▸ **TASK**
Using the records below, transcribe word for word the stretch from the line that contains "Courbevoie town hall, France" through the line that contains "Golfer, socialite and", both end lines included, and nothing else.

▸ **RECORDS SHOWN**
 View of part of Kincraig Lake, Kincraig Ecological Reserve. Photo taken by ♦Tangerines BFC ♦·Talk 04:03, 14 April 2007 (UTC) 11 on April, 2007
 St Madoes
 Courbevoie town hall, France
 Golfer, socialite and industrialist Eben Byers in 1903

--

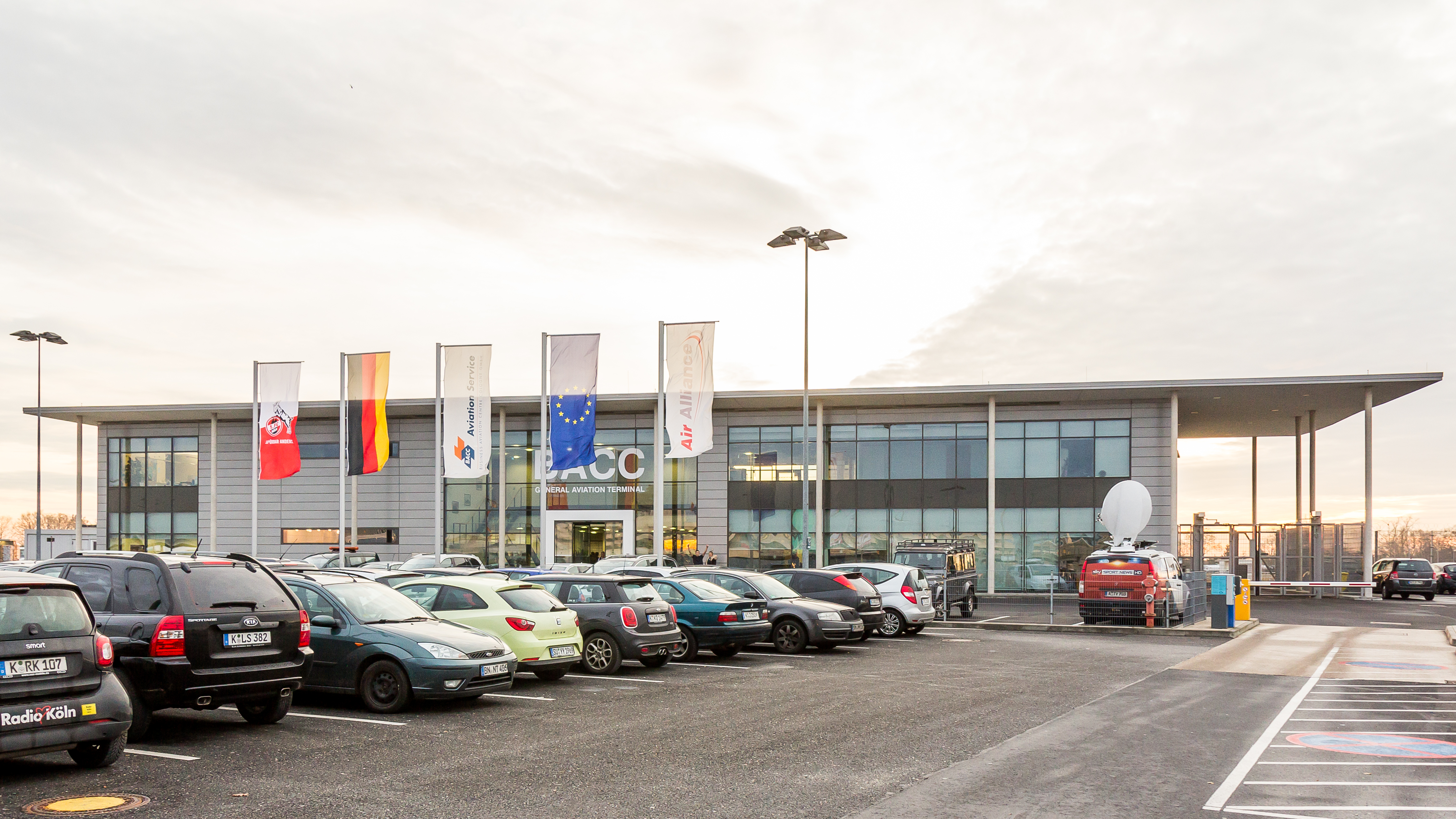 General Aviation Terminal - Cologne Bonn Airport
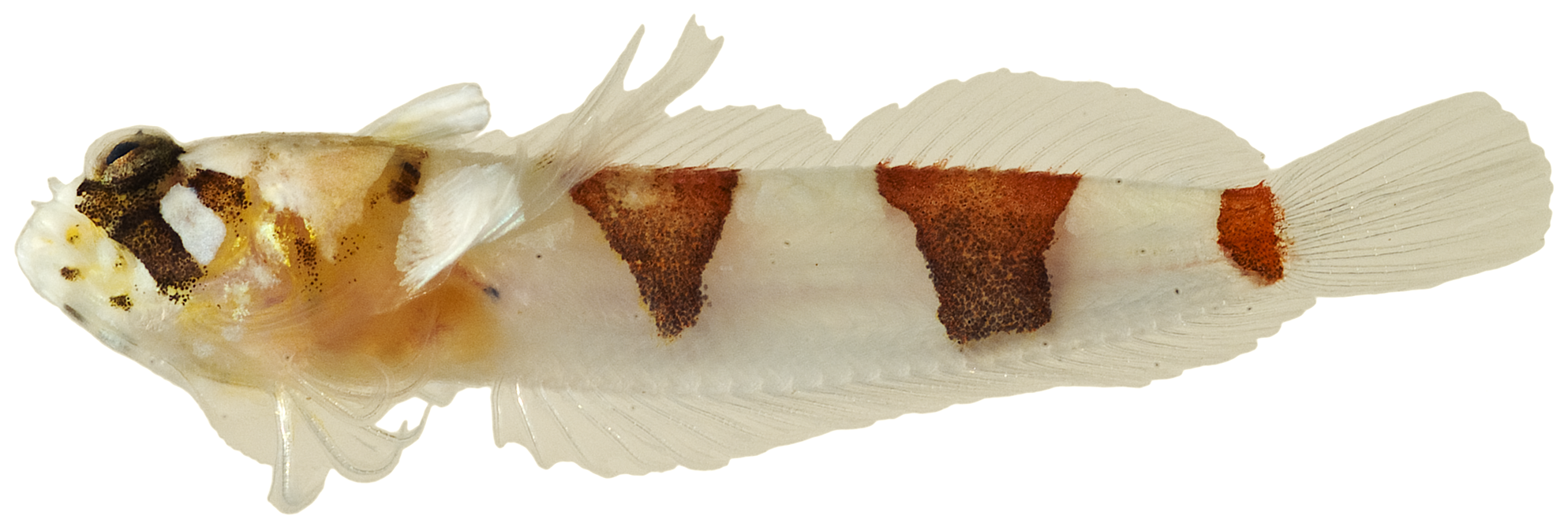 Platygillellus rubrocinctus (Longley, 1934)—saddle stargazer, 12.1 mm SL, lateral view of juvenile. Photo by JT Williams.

▸ **RESULT FOR THIS EXERCISE**
 Courbevoie town hall, France
 Golfer, socialite and industrialist Eben Byers in 1903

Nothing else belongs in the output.